BEIJING: A sudden leadership change in one of China’s biggest cities has highlighted President Xi Jinping’s ambition to consolidate his grip on power at an upcoming major political gathering, analysts say.
Former Xi aide Chen Miner was named Communist Party chief in Chongqing last weekend, abruptly replacing a politician who was once widely regarded as a contender for promotion to China’s top political body.
The shake-up in the southwestern megalopolis may signal that Xi is maneuvering to stack the national leadership with his supporters at the Communist Party congress later this year.
During the meeting, Xi is widely expected to secure a second five year term, but what is less clear is who will depart or ascend to the Politburo standing committee, the group of seven politicians who run the world’s second largest economy.
Chen replaced Sun Zhengcai, a member of the 25-person Politburo who was once a favorite for promotion to the standing committee.
Chongqing, with a population exceeding 30 million, is best known to China watchers as the stronghold of Bo Xilai, the outspoken former official who became one of the highest-profile targets of Xi’s anti-corruption campaign.
Bo, who is now serving a life sentence, was rumored to be part of a network plotting to stop Xi from assuming control of the party in 2012, and Sun was charged with erasing his influence on the city.
In February, party discipline inspectors publicly rebuked Sun for failing to get the job done, leaving his future in question.
The city must “resolutely remove the bad impact” of Bo’s case, Chen told city officials shortly after the announcement of his promotion, according to the Chongqing Daily.
While no reason was given for the leadership switch, the South China Morning Post reported that Sun was under investigation by the Communist Party.

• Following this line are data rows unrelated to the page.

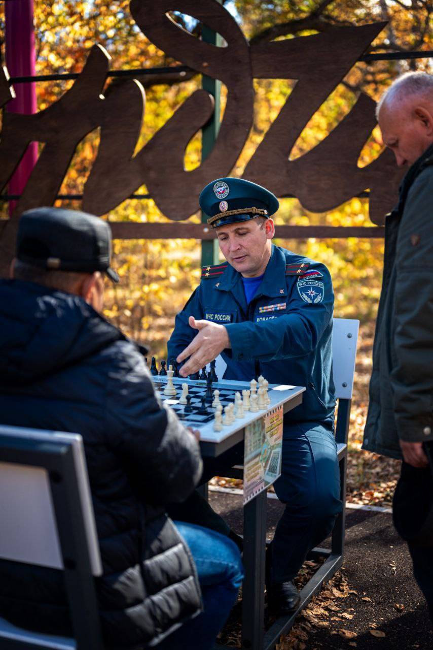 Не осталась в стороне и спортивная площадка. За шахматными столами, установленными РВИО, развернулись шахматные баталии. Играли и люди в форме, и школьники, и взрослые, и дети! Погода в этот день благоприятствовала.
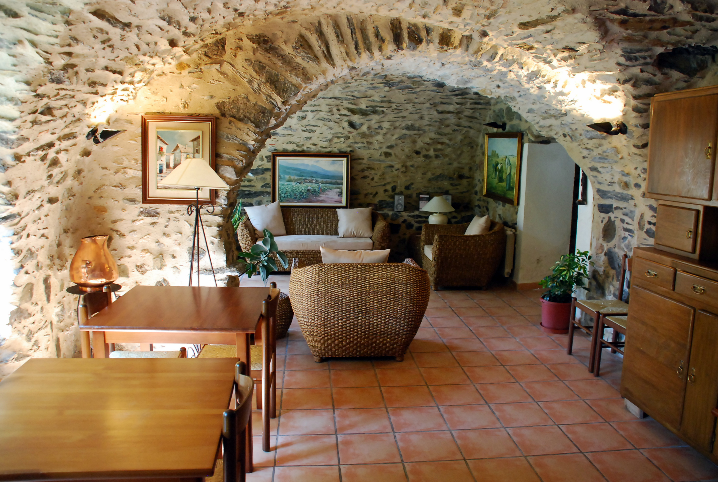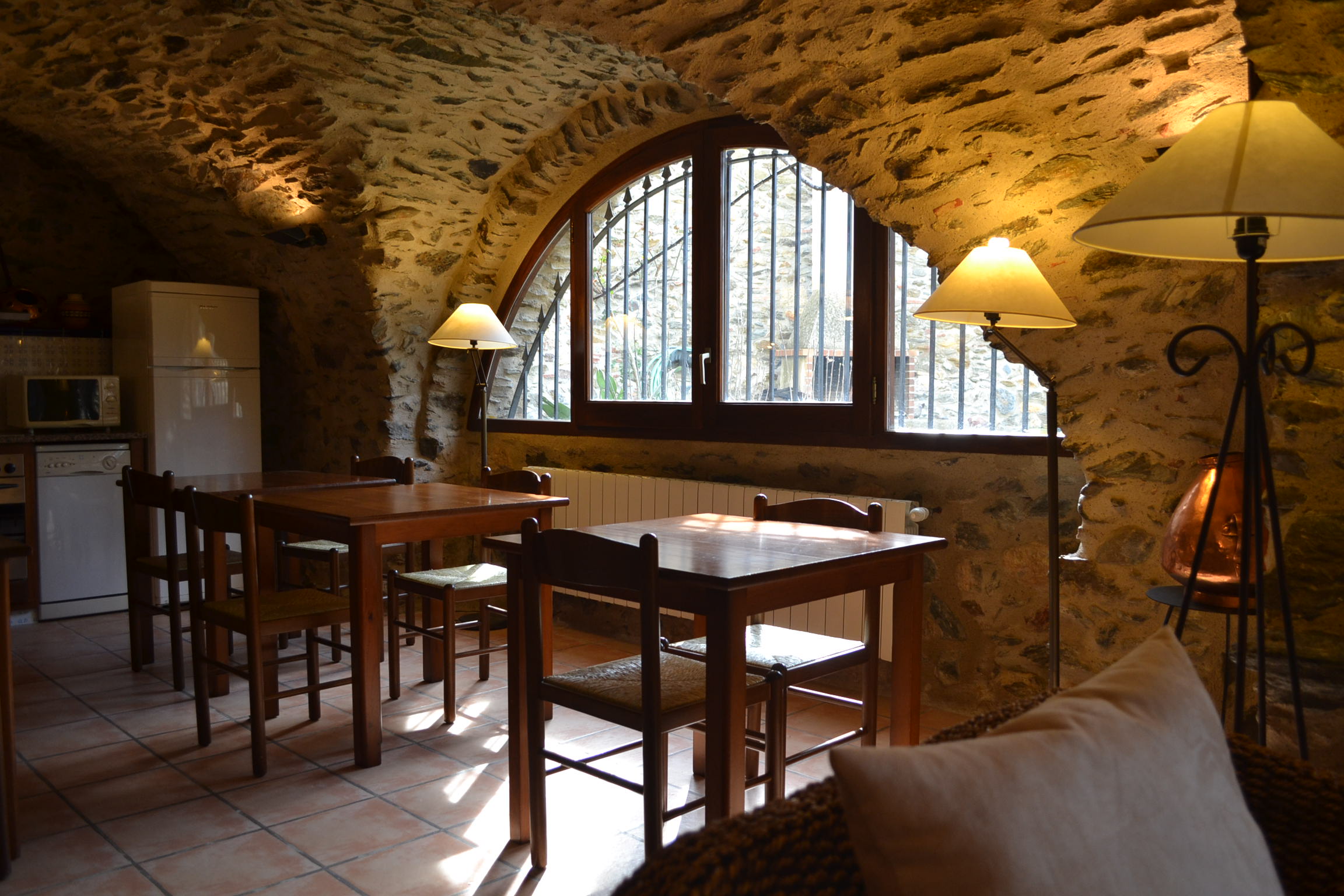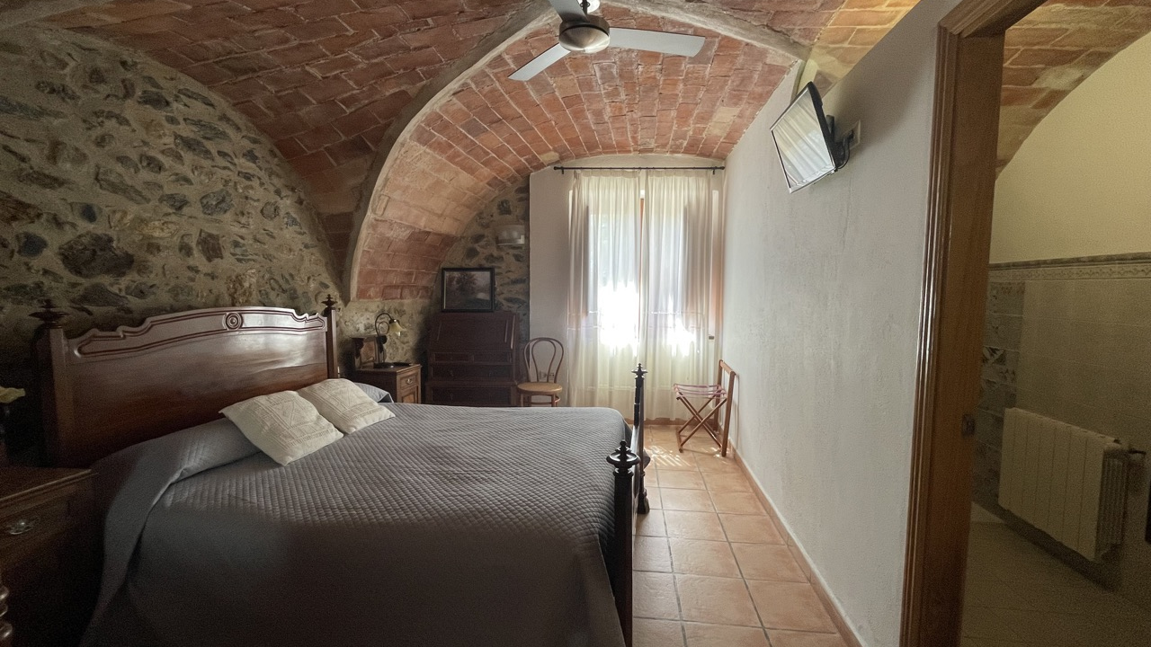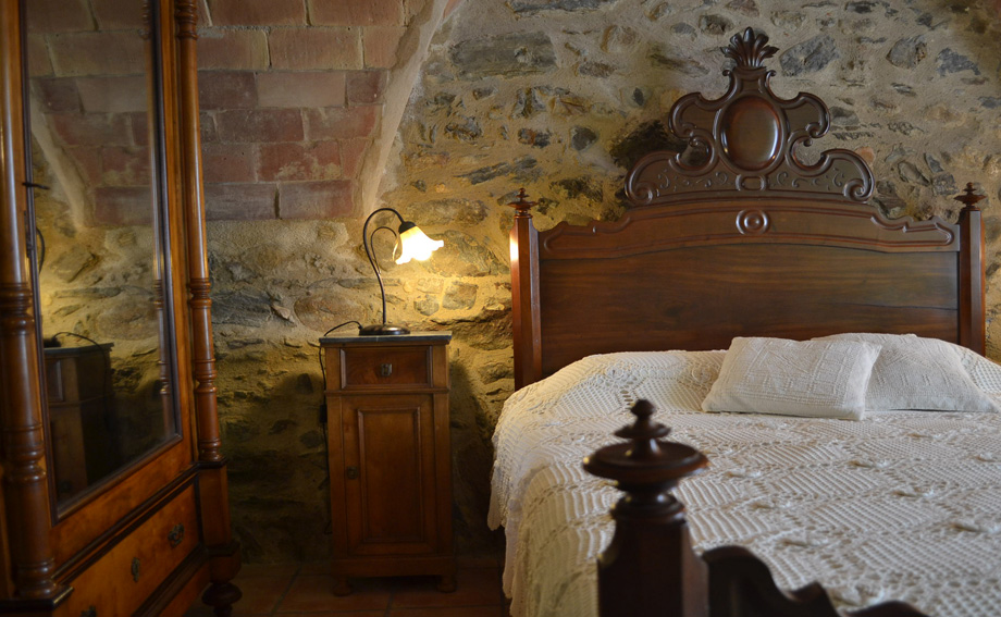< Go back to "BEDROOMS"Double room on the ground floor, featuring a traditional Catalan vaulted ceiling and stone walls, furnished with antique pieces: an Isabeline-style bed, "La Ditada" style dresser, an Alfonsí wardrobe and Thonet chairs.
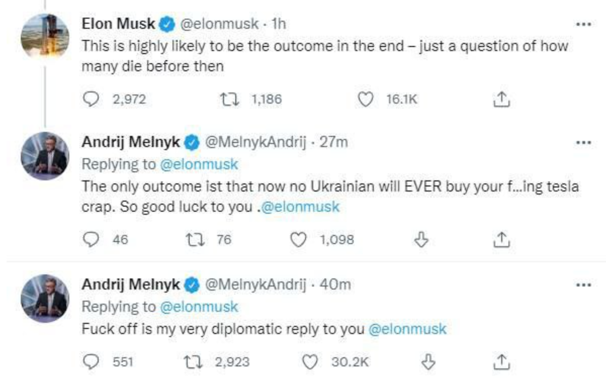 Вскоре к дискуссии подтянулся уходящий с поста посла Украины в Германии Андрей Мельник. Он высказал свое мнение Маску нецензурно, как это он часто практикует.

The failure to “purge Bo’s poison” was likely a factor in the decision to replace Sun, said Hu Xingdou, an expert on China’s governance at the Beijing Institute of Technology.
But “his removal from office is probably because he directly or indirectly affected Xi Jinping’s personnel plans for the 19th Party Congress,” he said.
‘The dominant voice’
Chen first worked with Xi in 2002, when the president became party chief of eastern Zhejiang province.
In late 2012, the former propaganda chief’s career kicked into overdrive following Xi’s ascension to the head of the Communist Party.
Chen became governor of southwest Guizhou province in 2013, adding the title of party secretary in 2015.
“He’s an important member of Xi’s ‘New Zhejiang Army’,” Hu said, referring to the group of allies who worked with the president when he was the province’s party chief.
“He is a person who Xi Jinping very much trusts and relies on.”
Chen’s promotion has “smashed” expectations that Sun would be promoted to the politburo standing committee during the Party Congress this fall, said Chen Daoyin, an associate professor at Shanghai University of Political Science and Law.
The promotion, he said, was part of a campaign by Xi to dismantle the system of political succession established by his direct predecessor Hu Jintao and former premier Wen Jiabao, who have maintained considerable influence even in retirement.
“If not for this unexpected event … Sun could have entered the standing committee,” he said.
Axing him was likely a warning from Xi to his political opponents ahead of an important leadership meeting in August at Beidaihe, the oceanside retreat where the country’s top politicians will gather to discuss succession issues ahead of the party congress, Chen Daoyin said.
The decision shows that Xi “is the dominant voice in the party, and he can implement his own will in personnel planning.”